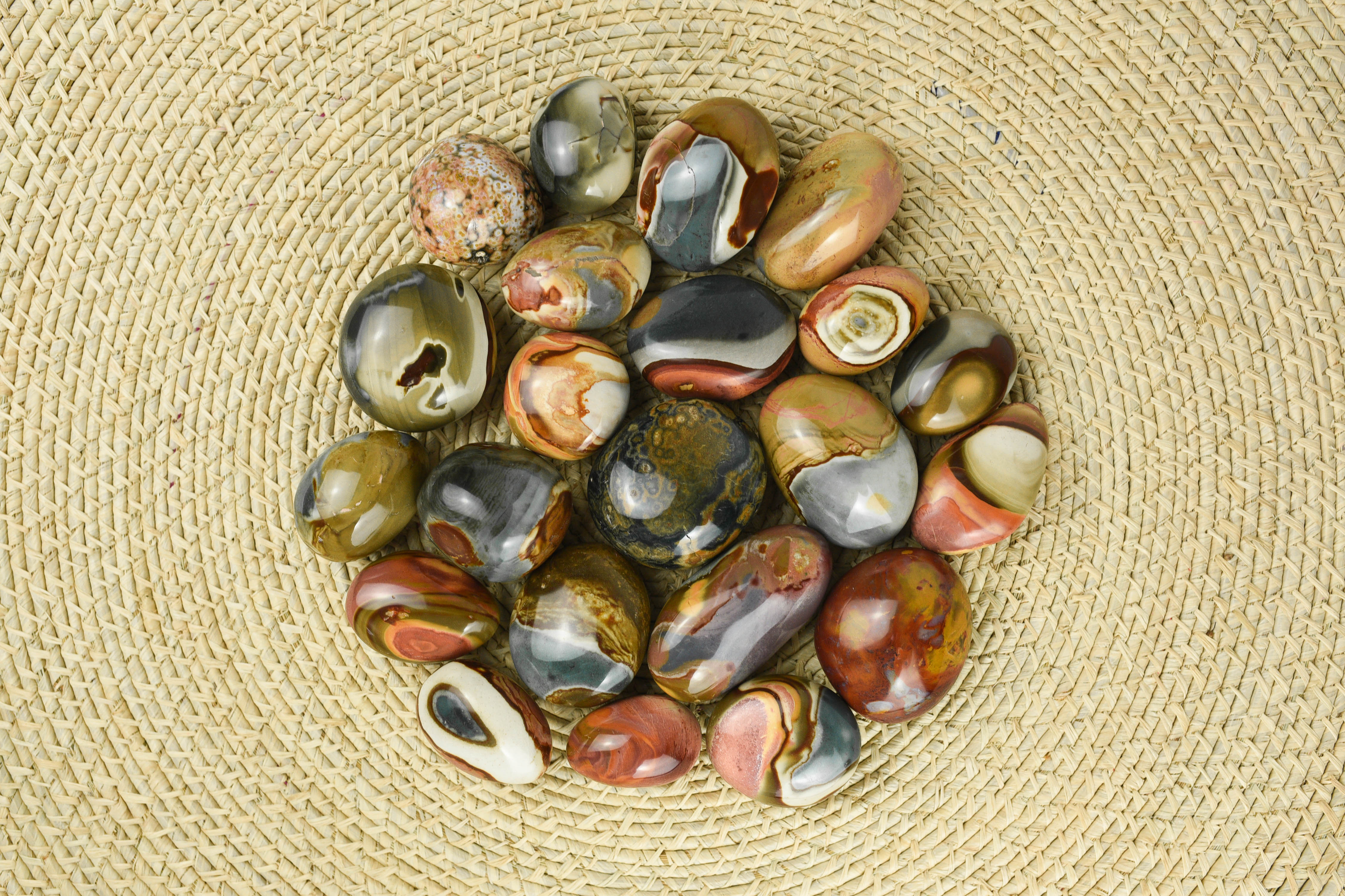 Jasper, an aggregate of microgranular quartz and/or chalcedony and other mineral phases, is an opaque, impure variety of silica, usually red, yellow, brown or green in color; and rarely blue. The common red color is due to iron(III) inclusions
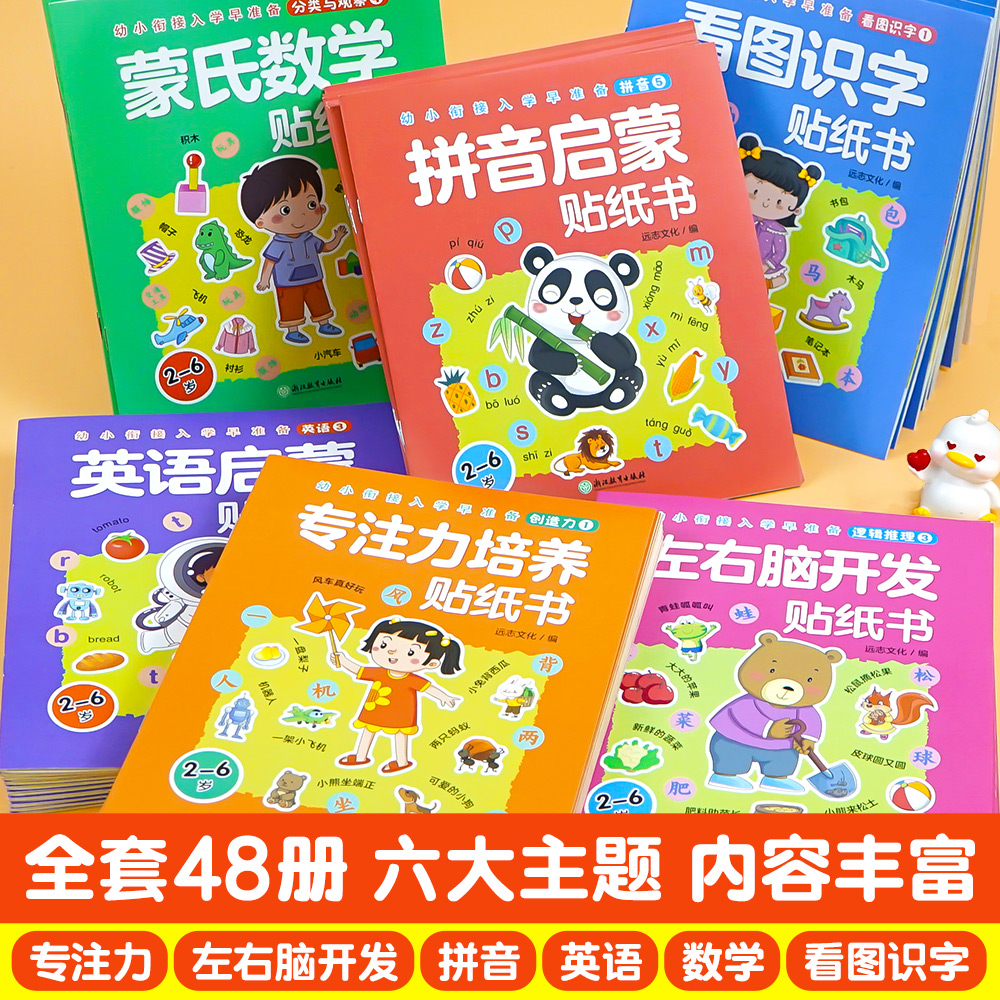 5岁 全脑开发贴纸书全套10册 贴贴画专注力儿童贴纸书3到6岁以上左右脑开发思维训练益智动手动脑粘贴画三岁宝宝书籍绘本幼儿园2
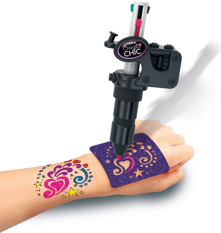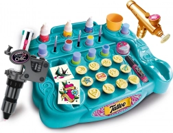 Kreieren Sie temporäre Tattoos ganz nach Ihrer Fantasie. Mit dem Crazy Chic Tattoo-Studio können Kinder Motive frei Hand zeichnen, selbstklebende Schablonen verwenden oder Muster mit Stempeln aufbringen. Im Set ist alles an einem Ort – Farben, Glitzer, Werkzeuge und Hilfsmittel für eine einfache Anwendung.
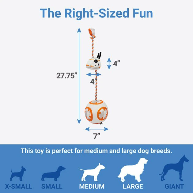This skittish little ball of energy modeled after BB-8™ is available only at Chewy and has a two-piece design guaranteed to delight any canine Star Wars™ superfan. The head and body have a classic cotton/poly rope running through them, and they’re connected by hook-and-loop fasteners. Each piece is covered in unique ballistic nylon fabric that’s different from a traditional plush toy, with soft stuffing and a squeaker deep inside. This toy is made for all types of fun and games for your furry Jedi. Take the two pieces apart, switch it up and keep your dog guessing during your play sessions together!

> _What this task involves_
Exclude every picture, then reproduce the remaining data character for character.

> _Reply_
 Jasper, an aggregate of microgranular quartz and/or chalcedony and other mineral phases, is an opaque, impure variety of silica, usually red, yellow, brown or green in color; and rarely blue. The common red color is due to iron(III) inclusions
 5岁 全脑开发贴纸书全套10册 贴贴画专注力儿童贴纸书3到6岁以上左右脑开发思维训练益智动手动脑粘贴画三岁宝宝书籍绘本幼儿园2
 Kreieren Sie temporäre Tattoos ganz nach Ihrer Fantasie. Mit dem Crazy Chic Tattoo-Studio können Kinder Motive frei Hand zeichnen, selbstklebende Schablonen verwenden oder Muster mit Stempeln aufbringen. Im Set ist alles an einem Ort – Farben, Glitzer, Werkzeuge und Hilfsmittel für eine einfache Anwendung.
This skittish little ball of energy modeled after BB-8™ is available only at Chewy and has a two-piece design guaranteed to delight any canine Star Wars™ superfan. The head and body have a classic cotton/poly rope running through them, and they’re connected by hook-and-loop fasteners. Each piece is covered in unique ballistic nylon fabric that’s different from a traditional plush toy, with soft stuffing and a squeaker deep inside. This toy is made for all types of fun and games for your furry Jedi. Take the two pieces apart, switch it up and keep your dog guessing during your play sessions together!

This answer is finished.